What you should do
Please quote exactly the lines below from the line containing "l Descoperă cel" to the line containing "マシュマロタッチ(塗り壁材)に絵の具をまぜてキャンバスに指で自由に描こう!!", both lines included, and nothing else.

Records supplied
※
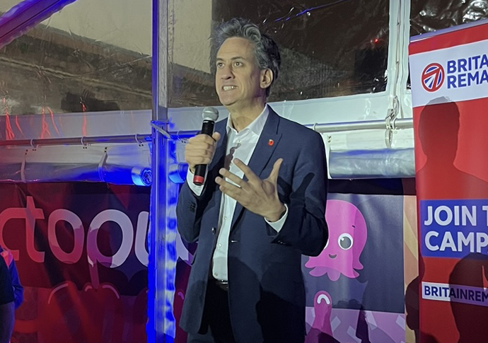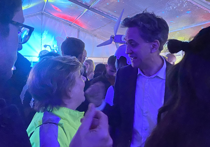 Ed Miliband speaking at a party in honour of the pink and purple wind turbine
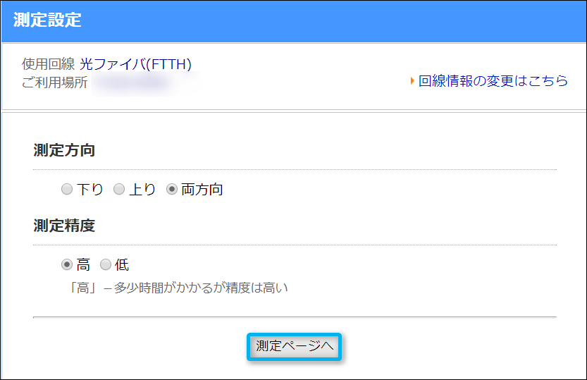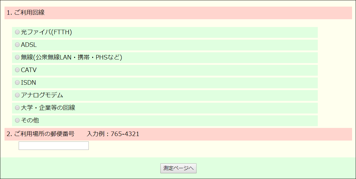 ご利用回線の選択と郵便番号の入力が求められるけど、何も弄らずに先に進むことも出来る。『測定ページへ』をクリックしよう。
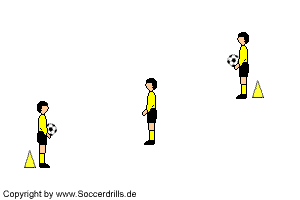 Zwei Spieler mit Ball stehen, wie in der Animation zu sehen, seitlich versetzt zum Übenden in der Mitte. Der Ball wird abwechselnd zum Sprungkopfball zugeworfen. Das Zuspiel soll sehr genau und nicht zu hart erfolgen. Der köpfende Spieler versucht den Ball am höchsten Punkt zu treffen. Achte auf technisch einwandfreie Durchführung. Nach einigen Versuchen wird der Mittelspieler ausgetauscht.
※
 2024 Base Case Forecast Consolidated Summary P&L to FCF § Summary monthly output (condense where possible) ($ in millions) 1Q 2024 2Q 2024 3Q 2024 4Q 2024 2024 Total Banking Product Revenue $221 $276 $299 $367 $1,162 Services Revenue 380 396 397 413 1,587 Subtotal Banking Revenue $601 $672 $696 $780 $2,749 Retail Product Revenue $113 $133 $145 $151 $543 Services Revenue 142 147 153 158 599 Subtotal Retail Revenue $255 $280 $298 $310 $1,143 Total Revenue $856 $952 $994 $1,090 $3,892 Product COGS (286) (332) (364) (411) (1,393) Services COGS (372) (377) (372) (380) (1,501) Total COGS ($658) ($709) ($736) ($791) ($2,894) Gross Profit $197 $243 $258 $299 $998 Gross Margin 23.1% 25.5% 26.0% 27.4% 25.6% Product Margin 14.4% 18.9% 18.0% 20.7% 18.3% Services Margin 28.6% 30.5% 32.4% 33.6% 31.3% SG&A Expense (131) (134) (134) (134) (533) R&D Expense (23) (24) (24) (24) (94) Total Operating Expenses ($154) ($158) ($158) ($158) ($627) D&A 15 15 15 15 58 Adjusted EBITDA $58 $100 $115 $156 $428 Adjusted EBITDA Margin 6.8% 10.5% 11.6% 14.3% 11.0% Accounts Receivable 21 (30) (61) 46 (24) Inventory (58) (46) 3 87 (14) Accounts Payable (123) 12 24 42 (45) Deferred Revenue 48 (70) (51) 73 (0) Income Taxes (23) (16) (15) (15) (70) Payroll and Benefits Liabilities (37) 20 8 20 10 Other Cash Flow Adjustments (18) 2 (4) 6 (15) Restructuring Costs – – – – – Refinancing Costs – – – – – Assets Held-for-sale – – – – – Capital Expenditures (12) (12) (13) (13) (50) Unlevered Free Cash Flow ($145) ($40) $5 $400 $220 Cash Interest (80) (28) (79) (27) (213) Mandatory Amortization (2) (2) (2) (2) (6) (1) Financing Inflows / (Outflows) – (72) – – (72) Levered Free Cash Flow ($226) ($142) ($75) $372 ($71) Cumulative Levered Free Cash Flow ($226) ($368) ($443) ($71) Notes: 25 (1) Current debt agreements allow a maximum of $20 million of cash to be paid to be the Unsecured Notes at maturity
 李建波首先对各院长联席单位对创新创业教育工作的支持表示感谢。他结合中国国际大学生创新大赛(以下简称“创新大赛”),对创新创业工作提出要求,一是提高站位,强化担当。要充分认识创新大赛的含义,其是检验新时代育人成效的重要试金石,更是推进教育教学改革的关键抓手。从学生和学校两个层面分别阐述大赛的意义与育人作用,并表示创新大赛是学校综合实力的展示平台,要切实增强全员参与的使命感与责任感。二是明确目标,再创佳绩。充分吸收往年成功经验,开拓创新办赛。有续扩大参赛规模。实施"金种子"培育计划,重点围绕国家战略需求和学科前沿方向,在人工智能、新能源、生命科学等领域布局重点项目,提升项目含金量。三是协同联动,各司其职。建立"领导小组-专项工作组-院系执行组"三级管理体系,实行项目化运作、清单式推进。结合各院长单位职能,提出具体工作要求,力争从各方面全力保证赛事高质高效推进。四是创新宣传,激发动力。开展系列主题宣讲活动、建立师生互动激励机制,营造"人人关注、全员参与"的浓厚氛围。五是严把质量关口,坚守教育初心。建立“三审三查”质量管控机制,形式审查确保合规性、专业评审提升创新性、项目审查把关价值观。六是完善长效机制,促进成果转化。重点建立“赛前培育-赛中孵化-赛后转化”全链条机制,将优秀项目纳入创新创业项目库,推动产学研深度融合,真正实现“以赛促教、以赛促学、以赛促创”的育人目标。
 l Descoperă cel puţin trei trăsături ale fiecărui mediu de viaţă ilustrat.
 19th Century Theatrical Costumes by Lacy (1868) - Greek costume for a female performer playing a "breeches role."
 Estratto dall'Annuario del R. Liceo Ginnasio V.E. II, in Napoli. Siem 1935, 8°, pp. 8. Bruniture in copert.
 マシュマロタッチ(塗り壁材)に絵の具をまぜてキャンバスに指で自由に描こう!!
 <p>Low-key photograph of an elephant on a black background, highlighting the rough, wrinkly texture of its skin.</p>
※
Reply
 l Descoperă cel puţin trei trăsături ale fiecărui mediu de viaţă ilustrat.
 19th Century Theatrical Costumes by Lacy (1868) - Greek costume for a female performer playing a "breeches role."
 Estratto dall'Annuario del R. Liceo Ginnasio V.E. II, in Napoli. Siem 1935, 8°, pp. 8. Bruniture in copert.
 マシュマロタッチ(塗り壁材)に絵の具をまぜてキャンバスに指で自由に描こう!!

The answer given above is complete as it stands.